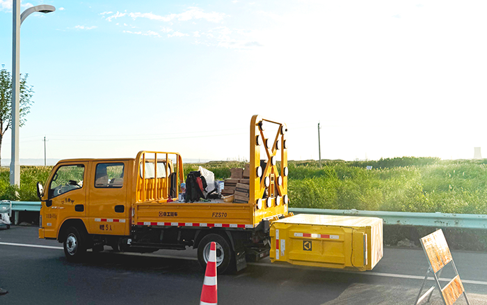 不光是安全衛(wèi)士,它們還是高效的 “移動倉庫”。貨箱敞開著,里面整齊碼放著鐵鍬、瀝青、警示錐等施工所需的工具和材料。施工時,人員無需來回奔波取物,伸手就能拿到需要的東西,讓施工節(jié)奏得以加快,省去了不少麻煩。當(dāng)施工收尾,防撞緩沖車駛離后,留下的不僅是平整的路面,更有它們?yōu)檫@次施工全程護(hù)航的印記。
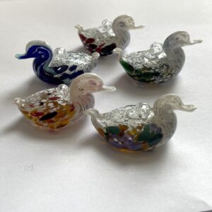 Glas Enten Glastierset 5tlg farb. sortiert zum hängen oder hinstellen Höhe ca. 3 cm Länge 4 cm
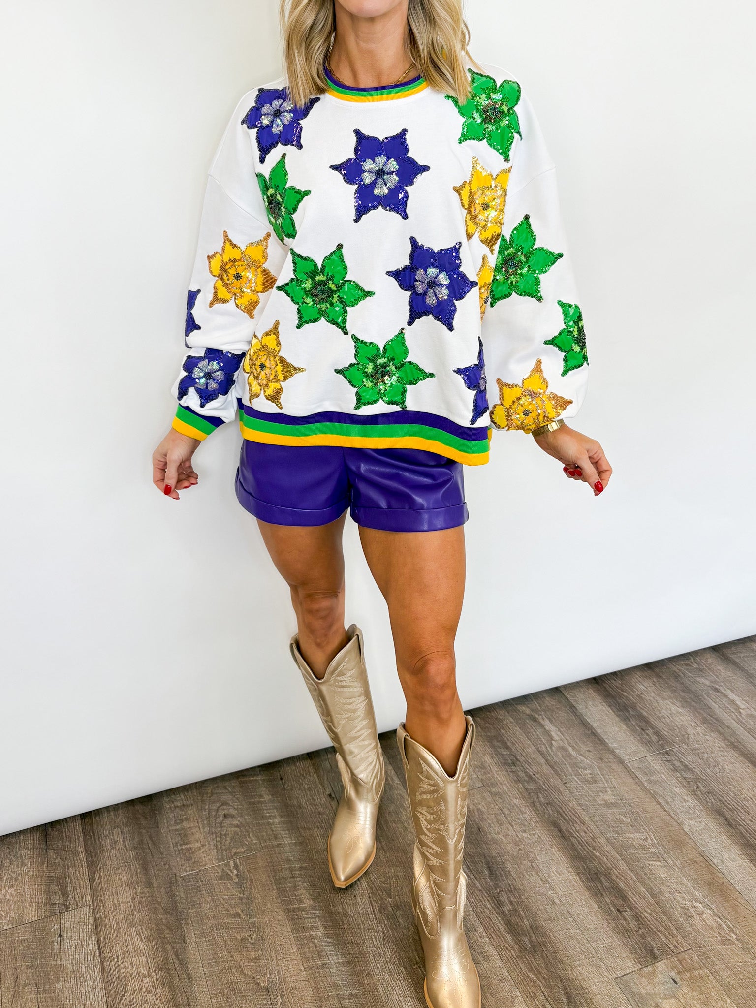 Bring the party wherever you go in this festive Carnival Bloom Sweatshirt—the ultimate Mardi Gras must-have! Covered in bold purple, green, and gold floral sequins on BOTH the front and the back, this cozy statement piece shines from every angle. Whether you’re headed to a parade, a ball, or just living your best Mardi Gras life, this sweatshirt delivers sparkle, comfort, and celebration all in one. Let the good times roll… and sparkle!
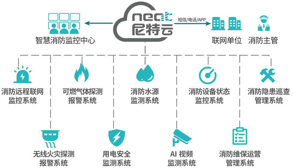 在《意見》中明確指出,鄉(xiāng)鎮(zhèn)(街道)和村(社區(qū))應(yīng)在相關(guān)部門指導(dǎo)下建立風(fēng)險隱患“一張圖”,暢通預(yù)警信息發(fā)布和傳播渠道。消防安全風(fēng)險隱患是生產(chǎn)生活中必須要注意的方面,也是提升基層應(yīng)急管理能力的重要一環(huán)。作為國內(nèi)較早從事物聯(lián)網(wǎng)消防系統(tǒng)研究的企業(yè),尼特智能歷經(jīng)多年的市場探索和經(jīng)驗總結(jié),綜合運用大數(shù)據(jù)、云計算、無線傳感等技術(shù),搭建了一套安全、可靠的智慧消防解決方案,將“人防、物防、技防 ”三結(jié)合應(yīng)用于消防管理和監(jiān)督中,實現(xiàn)消防管理工作智能化、可視化、痕跡化,切實滿足《意見》中關(guān)于進一步推動推動公共安全治理模式向事前預(yù)防轉(zhuǎn)型的工作內(nèi)容。
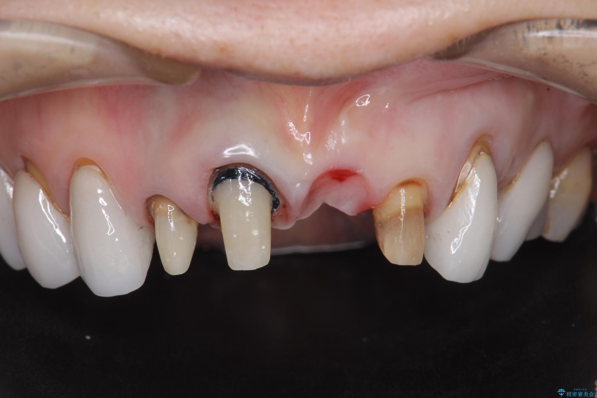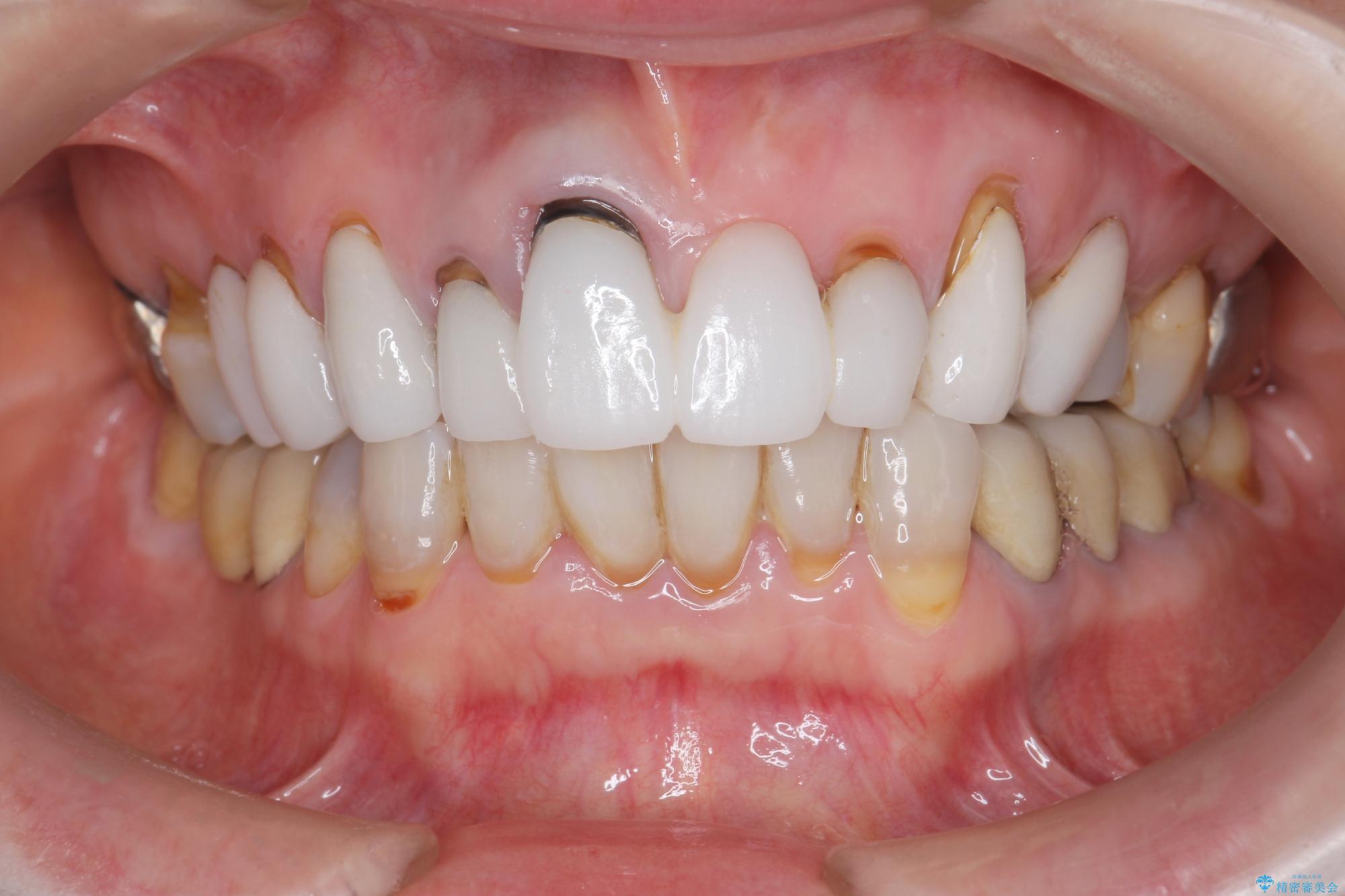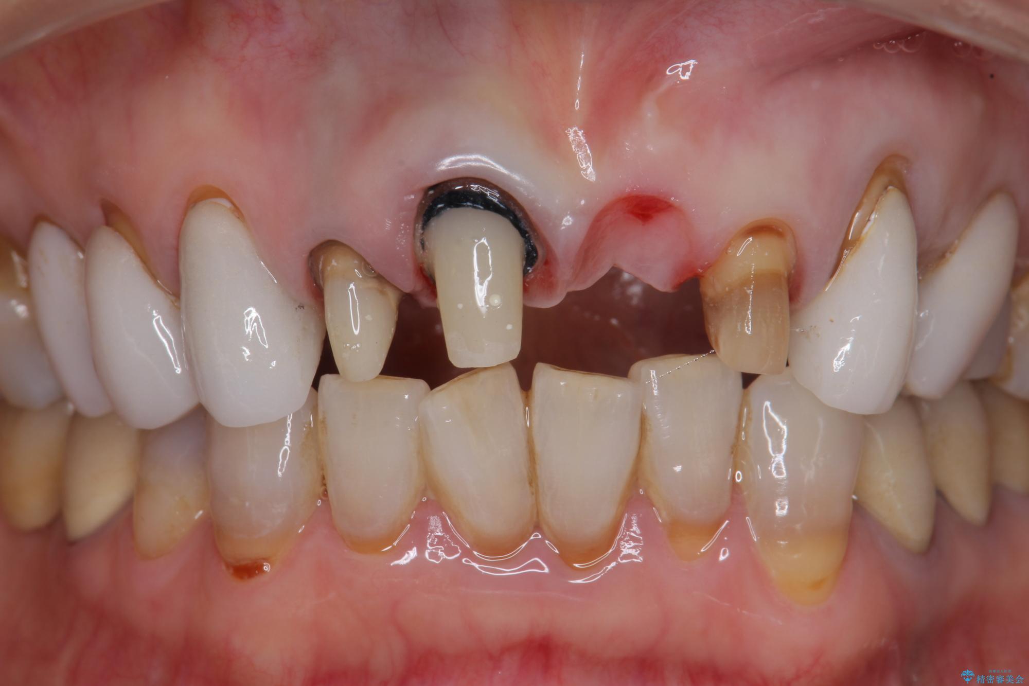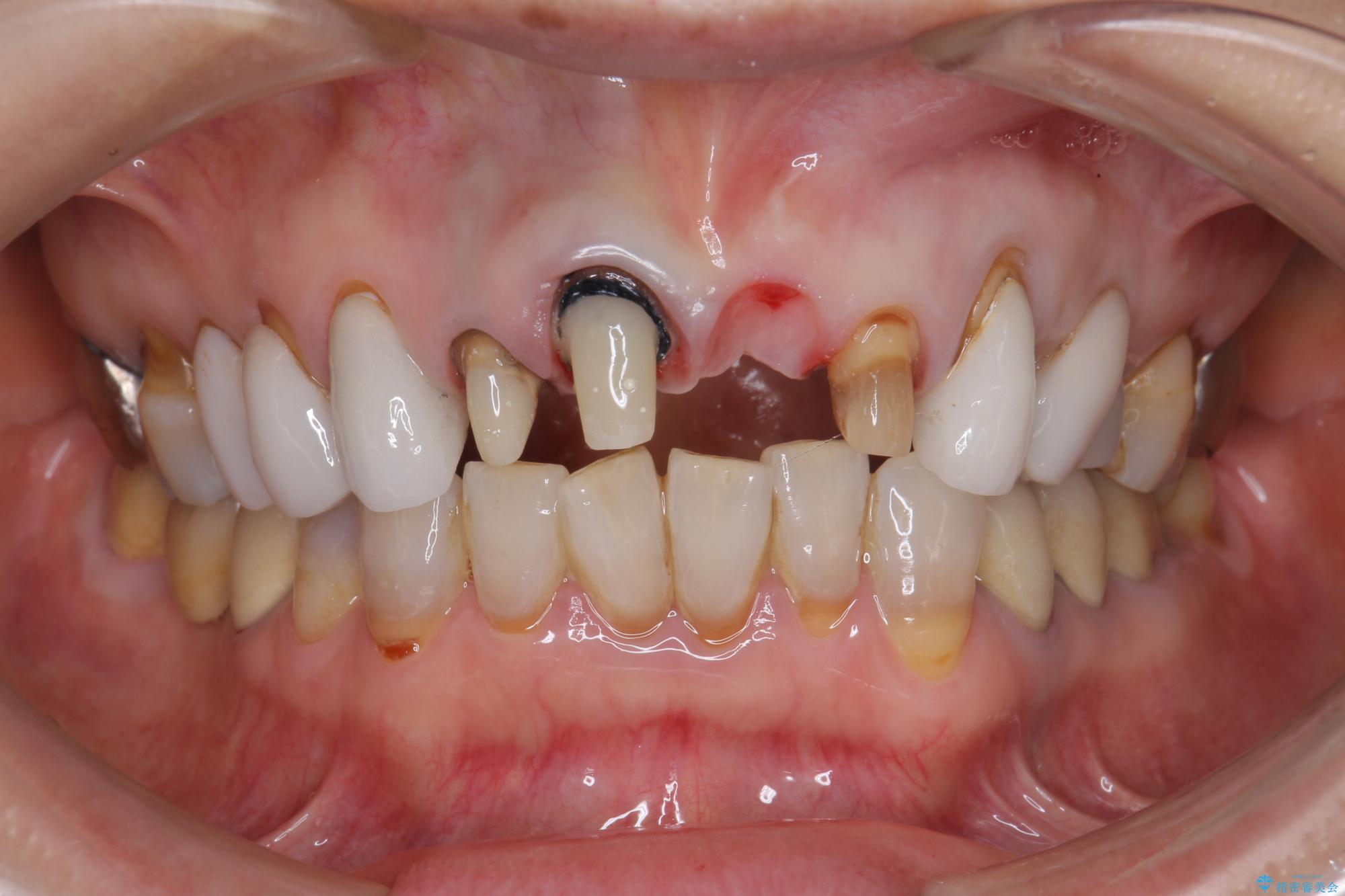 歯ぐきの位置が変化しクラウン下の歯が見えるようになってしまったことで、審美障害が生じている状態です。

###

_Directions for this task_
Without any pictures, reproduce exactly the lines from the line that contains "Glas Enten Glastierset" to the end of the entries above, both ends included.

_Response to the exercise_
 Glas Enten Glastierset 5tlg farb. sortiert zum hängen oder hinstellen Höhe ca. 3 cm Länge 4 cm
 Bring the party wherever you go in this festive Carnival Bloom Sweatshirt—the ultimate Mardi Gras must-have! Covered in bold purple, green, and gold floral sequins on BOTH the front and the back, this cozy statement piece shines from every angle. Whether you’re headed to a parade, a ball, or just living your best Mardi Gras life, this sweatshirt delivers sparkle, comfort, and celebration all in one. Let the good times roll… and sparkle!
 在《意見》中明確指出,鄉(xiāng)鎮(zhèn)(街道)和村(社區(qū))應(yīng)在相關(guān)部門指導(dǎo)下建立風(fēng)險隱患“一張圖”,暢通預(yù)警信息發(fā)布和傳播渠道。消防安全風(fēng)險隱患是生產(chǎn)生活中必須要注意的方面,也是提升基層應(yīng)急管理能力的重要一環(huán)。作為國內(nèi)較早從事物聯(lián)網(wǎng)消防系統(tǒng)研究的企業(yè),尼特智能歷經(jīng)多年的市場探索和經(jīng)驗總結(jié),綜合運用大數(shù)據(jù)、云計算、無線傳感等技術(shù),搭建了一套安全、可靠的智慧消防解決方案,將“人防、物防、技防 ”三結(jié)合應(yīng)用于消防管理和監(jiān)督中,實現(xiàn)消防管理工作智能化、可視化、痕跡化,切實滿足《意見》中關(guān)于進一步推動推動公共安全治理模式向事前預(yù)防轉(zhuǎn)型的工作內(nèi)容。
 歯ぐきの位置が変化しクラウン下の歯が見えるようになってしまったことで、審美障害が生じている状態です。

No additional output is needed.